The Problem With "Black Girl Magic"
- Andrea Clark Horton
- Mar 21, 2021
- 3 min read

“There is no such thing as ‘girl power’!” These words may seem less than surprising coming from the mouth of a seven-year-old boy. Afterall, he still thinks girls are “yucky.” But coming from the mouth of a seven-year-old boy whose mother is an avowed womanist and whose life vision and mission is to liberate women around the glove from anything that degrades their humanity, silences their voice and attempts to deny their power, it was more than a little disheartening.
But my son wasn’t alone in his emphatic declaration. Soon, his eight-year-old buddy chimed in with words affirming my son’s sentiments. “Yeah,” the eight-year-old said “girl power is only in the movies! Boy power is all the time!” After listening to these proud declarations of unknowing misogyny for a few minutes, I realized that they were talking about the powers that female superheroes in the movies. And though their young minds were too innocent to understand the depth of the truth they spoke, I had to admit that they had a point. Girls are seen as weaker than boys - their powers coming from giving of themselves always with the expectation that they will need the help of a boy to protect themselves or fight back. Except in the movies.
“Well, the men superheroes in the movies don’t have real powers like that either,” I said. My son quickly retorted, “But boys rule!”.
It’s frustrating when your very salient point is lost on seven-year-old ears. It’s perhaps even more frustrating you know the kernels of truth in the chauvinistic, yet proud, proclamations of your only child who happens to be male. Toxic masculinity is a thing that stands ready to take hold of our boys and to ravage our girls. But the truth is that toxic masculinity poses as much a threat to our children’s well-being as its insidious counterpart – toxic femininity. No, I’m not talking about Megan Thee Stallion bragging about her bustline to waistline ratio. I am talking about the toxicity of “black girl magic.”
Don’t get me wrong, black women can parent and cook and counsel and serve our households and houses of worship and put out fires and still show up to sorority meetings, board meetings and business meetings looking flawless. We make it look effortless – and that is the problem. We take on so much yet draw the margins for error so narrow that we barely have room to breathe and just be. We make being black and woman look easy; almost like “magic.” Nobody sees the tears we cry when our plate is as full as our hands and we are trying to do it all with no help. Nobody sees the sweat that adorns our brows after a full day of moving kinds from place to place, making sure the house in order, and trying to look put together all the while breaking our necks to make our bosses look good or to earn the respect of our peers and the employees we manage (because some of us have to earn what others of lighter hues with deeper voices are so freely given). Nobody knows about the stress that almost suffocates us as we smile and pretend that someone is going to find out that we have weaknesses just like everybody else. Nobody else has to live the words of the broken narrative that tells us, and the world, that to be black and to be a woman means to be able to bear everything that is heaped upon you without breaking. Strong.Black.Woman.
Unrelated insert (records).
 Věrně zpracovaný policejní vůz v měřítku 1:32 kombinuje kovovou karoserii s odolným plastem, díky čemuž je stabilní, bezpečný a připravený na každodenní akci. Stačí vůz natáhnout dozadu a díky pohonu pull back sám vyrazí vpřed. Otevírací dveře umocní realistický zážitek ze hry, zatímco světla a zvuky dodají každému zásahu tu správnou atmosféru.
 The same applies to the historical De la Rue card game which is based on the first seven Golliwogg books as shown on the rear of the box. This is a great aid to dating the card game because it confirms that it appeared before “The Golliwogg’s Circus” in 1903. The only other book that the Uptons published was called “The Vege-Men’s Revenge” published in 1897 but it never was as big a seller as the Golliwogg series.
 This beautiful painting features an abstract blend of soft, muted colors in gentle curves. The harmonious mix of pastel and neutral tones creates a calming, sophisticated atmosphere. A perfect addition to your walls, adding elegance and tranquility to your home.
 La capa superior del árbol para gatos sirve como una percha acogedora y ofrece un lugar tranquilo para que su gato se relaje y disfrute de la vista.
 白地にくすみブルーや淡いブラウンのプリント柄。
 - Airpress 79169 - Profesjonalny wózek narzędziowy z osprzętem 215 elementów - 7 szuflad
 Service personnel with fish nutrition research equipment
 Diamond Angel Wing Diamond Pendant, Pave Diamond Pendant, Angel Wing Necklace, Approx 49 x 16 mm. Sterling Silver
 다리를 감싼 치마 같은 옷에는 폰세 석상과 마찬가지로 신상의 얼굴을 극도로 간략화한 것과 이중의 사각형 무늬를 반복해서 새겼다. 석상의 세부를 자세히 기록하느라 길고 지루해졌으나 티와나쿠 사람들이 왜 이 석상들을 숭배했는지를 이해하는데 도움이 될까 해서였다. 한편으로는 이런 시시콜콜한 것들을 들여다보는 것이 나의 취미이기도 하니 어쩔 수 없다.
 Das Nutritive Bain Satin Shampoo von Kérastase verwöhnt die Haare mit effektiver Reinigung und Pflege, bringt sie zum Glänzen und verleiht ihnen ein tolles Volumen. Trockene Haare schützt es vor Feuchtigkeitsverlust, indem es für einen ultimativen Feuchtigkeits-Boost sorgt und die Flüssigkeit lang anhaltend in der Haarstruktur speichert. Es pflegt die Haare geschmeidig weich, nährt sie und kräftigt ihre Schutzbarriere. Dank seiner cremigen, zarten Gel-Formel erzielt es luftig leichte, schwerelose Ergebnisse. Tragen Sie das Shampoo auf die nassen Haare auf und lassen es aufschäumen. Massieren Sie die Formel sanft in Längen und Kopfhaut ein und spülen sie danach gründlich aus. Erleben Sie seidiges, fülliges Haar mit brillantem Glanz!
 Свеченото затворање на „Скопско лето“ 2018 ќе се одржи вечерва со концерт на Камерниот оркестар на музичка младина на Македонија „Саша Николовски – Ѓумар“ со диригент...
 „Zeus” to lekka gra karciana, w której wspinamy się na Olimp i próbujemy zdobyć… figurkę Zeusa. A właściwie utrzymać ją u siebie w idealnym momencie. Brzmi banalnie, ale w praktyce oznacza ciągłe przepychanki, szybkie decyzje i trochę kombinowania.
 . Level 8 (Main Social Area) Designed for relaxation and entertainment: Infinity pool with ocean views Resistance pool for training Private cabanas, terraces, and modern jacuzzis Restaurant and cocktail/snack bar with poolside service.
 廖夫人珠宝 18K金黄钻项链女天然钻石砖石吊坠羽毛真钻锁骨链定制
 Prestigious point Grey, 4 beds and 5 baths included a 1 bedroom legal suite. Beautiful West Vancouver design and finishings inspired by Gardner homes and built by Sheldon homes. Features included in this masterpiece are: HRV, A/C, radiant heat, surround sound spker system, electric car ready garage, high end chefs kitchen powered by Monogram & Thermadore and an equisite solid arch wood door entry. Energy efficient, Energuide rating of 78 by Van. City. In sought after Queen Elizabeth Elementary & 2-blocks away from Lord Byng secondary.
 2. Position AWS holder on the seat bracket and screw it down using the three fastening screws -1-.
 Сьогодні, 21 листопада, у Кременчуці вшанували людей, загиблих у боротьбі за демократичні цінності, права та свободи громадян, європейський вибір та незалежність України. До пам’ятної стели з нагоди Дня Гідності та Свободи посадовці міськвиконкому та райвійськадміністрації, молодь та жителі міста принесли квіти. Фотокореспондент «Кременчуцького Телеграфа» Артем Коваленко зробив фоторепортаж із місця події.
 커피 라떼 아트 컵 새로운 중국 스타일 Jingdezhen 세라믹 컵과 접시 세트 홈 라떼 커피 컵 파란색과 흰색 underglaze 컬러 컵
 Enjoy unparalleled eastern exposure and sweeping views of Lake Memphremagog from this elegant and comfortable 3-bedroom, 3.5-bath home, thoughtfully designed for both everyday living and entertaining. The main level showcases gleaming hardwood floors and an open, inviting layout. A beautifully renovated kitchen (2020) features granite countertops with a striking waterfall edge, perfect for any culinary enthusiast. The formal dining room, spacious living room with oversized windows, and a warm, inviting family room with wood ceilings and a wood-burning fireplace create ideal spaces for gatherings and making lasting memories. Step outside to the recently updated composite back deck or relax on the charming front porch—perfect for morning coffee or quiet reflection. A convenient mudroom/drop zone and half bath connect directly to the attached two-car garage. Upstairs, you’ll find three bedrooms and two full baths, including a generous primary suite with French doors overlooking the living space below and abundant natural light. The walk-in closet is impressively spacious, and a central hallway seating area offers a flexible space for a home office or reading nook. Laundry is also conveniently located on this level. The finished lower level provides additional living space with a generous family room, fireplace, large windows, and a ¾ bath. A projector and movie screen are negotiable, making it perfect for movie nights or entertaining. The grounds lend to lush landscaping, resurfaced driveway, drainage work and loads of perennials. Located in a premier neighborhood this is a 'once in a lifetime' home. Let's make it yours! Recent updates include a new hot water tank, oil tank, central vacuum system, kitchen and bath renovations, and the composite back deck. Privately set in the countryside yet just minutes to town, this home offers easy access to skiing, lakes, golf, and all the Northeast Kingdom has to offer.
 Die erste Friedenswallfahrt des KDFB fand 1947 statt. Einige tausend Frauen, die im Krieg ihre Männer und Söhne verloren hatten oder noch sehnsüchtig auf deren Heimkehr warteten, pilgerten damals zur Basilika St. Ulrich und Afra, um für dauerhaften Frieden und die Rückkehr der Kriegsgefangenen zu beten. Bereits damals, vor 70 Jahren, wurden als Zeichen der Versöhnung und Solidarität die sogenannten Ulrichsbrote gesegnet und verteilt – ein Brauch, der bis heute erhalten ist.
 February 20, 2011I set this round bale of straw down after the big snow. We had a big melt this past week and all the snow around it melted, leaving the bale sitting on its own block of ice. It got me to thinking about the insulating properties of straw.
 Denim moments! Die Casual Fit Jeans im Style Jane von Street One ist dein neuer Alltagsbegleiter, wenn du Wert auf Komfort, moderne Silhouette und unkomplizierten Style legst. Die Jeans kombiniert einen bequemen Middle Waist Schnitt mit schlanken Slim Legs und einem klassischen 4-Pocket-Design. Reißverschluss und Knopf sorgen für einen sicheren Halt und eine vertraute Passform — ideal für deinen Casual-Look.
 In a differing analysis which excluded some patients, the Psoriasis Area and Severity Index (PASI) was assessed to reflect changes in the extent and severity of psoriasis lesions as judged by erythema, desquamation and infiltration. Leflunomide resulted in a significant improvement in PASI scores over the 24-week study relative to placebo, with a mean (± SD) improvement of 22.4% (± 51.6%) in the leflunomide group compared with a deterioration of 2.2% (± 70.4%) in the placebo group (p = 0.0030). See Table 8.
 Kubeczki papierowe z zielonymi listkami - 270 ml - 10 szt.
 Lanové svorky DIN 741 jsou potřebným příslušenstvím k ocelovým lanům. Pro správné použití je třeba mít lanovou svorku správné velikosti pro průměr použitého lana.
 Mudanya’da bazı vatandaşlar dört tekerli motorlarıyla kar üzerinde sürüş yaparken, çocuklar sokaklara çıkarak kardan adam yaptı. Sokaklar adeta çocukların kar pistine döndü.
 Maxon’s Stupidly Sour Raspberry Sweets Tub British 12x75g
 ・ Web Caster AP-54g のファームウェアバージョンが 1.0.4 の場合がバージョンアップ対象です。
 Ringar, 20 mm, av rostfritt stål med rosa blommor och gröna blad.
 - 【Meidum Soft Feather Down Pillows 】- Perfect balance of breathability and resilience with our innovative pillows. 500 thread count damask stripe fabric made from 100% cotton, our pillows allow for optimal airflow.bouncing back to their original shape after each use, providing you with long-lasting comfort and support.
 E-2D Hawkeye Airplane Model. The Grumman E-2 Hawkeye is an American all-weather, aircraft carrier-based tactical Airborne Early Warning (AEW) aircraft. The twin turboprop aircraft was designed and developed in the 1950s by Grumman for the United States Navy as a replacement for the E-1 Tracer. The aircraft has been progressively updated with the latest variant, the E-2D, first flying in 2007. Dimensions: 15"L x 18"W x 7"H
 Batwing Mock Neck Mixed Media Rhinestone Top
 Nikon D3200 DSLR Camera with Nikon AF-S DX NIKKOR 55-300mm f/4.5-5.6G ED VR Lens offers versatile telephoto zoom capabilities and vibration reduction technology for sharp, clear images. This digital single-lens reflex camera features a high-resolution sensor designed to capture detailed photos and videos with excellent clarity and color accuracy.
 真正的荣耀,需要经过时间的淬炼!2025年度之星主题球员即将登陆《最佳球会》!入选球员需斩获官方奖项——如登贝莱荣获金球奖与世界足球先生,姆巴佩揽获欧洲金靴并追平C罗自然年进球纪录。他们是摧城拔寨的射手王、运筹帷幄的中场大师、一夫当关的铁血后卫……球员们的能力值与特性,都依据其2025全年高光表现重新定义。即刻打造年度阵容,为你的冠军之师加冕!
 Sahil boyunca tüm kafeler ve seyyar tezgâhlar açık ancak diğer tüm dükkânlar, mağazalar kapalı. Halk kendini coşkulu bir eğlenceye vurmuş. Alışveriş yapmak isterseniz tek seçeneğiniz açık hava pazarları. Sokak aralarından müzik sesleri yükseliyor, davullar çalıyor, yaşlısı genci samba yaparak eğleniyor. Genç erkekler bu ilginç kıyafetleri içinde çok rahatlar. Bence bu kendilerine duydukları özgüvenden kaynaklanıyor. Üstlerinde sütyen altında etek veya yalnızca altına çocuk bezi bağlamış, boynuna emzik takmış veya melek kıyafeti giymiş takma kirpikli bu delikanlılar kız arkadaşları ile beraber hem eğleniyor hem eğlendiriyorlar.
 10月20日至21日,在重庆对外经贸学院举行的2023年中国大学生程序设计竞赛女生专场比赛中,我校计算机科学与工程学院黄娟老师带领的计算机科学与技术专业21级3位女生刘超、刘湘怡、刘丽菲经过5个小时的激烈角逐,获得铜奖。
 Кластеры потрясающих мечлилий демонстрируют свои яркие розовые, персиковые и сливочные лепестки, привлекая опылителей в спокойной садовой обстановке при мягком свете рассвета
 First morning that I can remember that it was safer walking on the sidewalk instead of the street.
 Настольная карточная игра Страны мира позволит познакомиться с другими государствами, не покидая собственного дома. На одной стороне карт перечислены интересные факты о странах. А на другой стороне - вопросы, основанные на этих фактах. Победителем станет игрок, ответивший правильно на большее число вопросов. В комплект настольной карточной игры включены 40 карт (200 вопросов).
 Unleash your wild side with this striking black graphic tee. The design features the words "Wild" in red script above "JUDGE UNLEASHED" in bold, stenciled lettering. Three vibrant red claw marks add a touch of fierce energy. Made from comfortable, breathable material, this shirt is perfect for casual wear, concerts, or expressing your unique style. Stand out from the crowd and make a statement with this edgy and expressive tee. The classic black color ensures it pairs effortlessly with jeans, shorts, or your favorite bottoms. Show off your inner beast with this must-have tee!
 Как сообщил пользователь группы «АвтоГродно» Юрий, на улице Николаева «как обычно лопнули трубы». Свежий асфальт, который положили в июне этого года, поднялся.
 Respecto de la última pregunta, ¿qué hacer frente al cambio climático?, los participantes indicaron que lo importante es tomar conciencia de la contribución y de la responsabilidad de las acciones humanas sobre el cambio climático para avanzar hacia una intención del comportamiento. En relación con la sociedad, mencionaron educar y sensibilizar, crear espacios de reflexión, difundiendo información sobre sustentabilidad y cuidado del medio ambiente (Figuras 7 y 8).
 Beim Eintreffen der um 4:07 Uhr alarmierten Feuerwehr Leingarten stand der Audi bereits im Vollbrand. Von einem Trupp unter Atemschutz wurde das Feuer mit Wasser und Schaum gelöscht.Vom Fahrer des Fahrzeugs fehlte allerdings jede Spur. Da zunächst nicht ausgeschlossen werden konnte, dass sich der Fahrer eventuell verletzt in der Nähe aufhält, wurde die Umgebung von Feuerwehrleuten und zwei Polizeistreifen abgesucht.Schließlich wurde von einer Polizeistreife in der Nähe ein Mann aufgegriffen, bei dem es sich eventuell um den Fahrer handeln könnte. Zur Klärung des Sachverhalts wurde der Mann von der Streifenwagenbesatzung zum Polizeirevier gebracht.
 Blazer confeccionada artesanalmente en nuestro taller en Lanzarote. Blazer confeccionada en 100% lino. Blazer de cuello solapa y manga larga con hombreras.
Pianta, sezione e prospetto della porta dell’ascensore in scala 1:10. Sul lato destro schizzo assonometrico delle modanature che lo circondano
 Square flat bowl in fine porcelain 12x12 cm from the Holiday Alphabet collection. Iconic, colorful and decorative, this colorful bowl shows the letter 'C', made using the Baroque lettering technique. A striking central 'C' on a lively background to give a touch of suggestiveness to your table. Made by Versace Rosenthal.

I told my so that he was wrong. I told him he was confusing power with magic. “We all have power baby; God gave that to us. None of us has magic. Not even your powerful, awesome mama. I’m human just like you.”
My prayer for each of you, my sistas, who read these words today is that you renounce your magic and claim and walk proudly in your power.
Eye opening and so true! Always on point...keep doing it my sister 💗💚💗💙
And there it is...the truth that will actually set us free. Love this!!